A Semana Cultural abre-se com o lançamento do programa de rádio sobre a nova música brasileira, a ser transmitido aos domingos, a partir das 18 horas e 30, pela Rádio Moçambique, na Antena Nacional, em parceria com a Embaixada do Brasil.

No terceiro dia, 9 de setembro, o pátio interno do CCBM acolherá as exibições teatrais da peça O Folclore do Amor, do grupo brasileiro As Lucianas. O trabalho enquadra-se no projeto cultural Conexão Teatral Brasil-Moçambique e em parceria com a Associação Cultural Xinguerenguere – ACX. Ainda no mesmo dia, o poeta brasileiro Enéias Tavares Santos inaugura no local uma mostra de xilogravuras.

No dia 10 de setembro, às 18 horas, o escritor moçambicano Raul Calane da Silva ministrará uma palestra sobre a produção literária luso-afro-brasileira e a importância do português como factor de unidade e identidade nacional nos países da Comunidade dos Países de Língua Portuguesa (CPLP). O colóquio chamado “Língua Portuguesa e Instituição Literária na CPLP” será na Galeria Portinari do CCBM.

E no dia 12 de setembro, o CCBM inaugura o Cineclube Brasil, com a exibição do documentário A Vida é um Sopro, documentário sobre a vida e a obra do arquiteto brasileiro Óscar Niemeyer.

–– Festival Internacional da Cultura Brasileira, em Moscou ––
Entre os dias 1 e 7 de setembro, o 13º Festival Internacional da Cultura Brasileira foi realizado em Moscou, capital da Rússia.

A celebração do Dia da Independência do Brasil coincidiu com a do aniversário de Moscou.

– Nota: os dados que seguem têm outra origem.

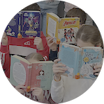 Die Klasse 5b beim Lesespaß mit Frau Lange von der Stadtbücherei, die ganz viele tolle Bücher dabei hatte: Abenteuer, Freundschaftsgeschichten, Detektive, Tiere, Fantasy, Sachbücher, Historisches, Fußball, Girls-Stories…

Houve uma apresentação de samba e um desfile de carnaval pelas ruas da cidade, exibições de música nacional brasileira e de trajes típicos brasileiros, além de aulas de danças tradicionais e de capoeira, com os mestres Barrão e Eddy Murphy. Participaram mais de 150 atletas, mestres de capoeira reconhecidos, dançarinos e músicos profissionais de países como Rússia, Brasil, China e Estados Unidos da América.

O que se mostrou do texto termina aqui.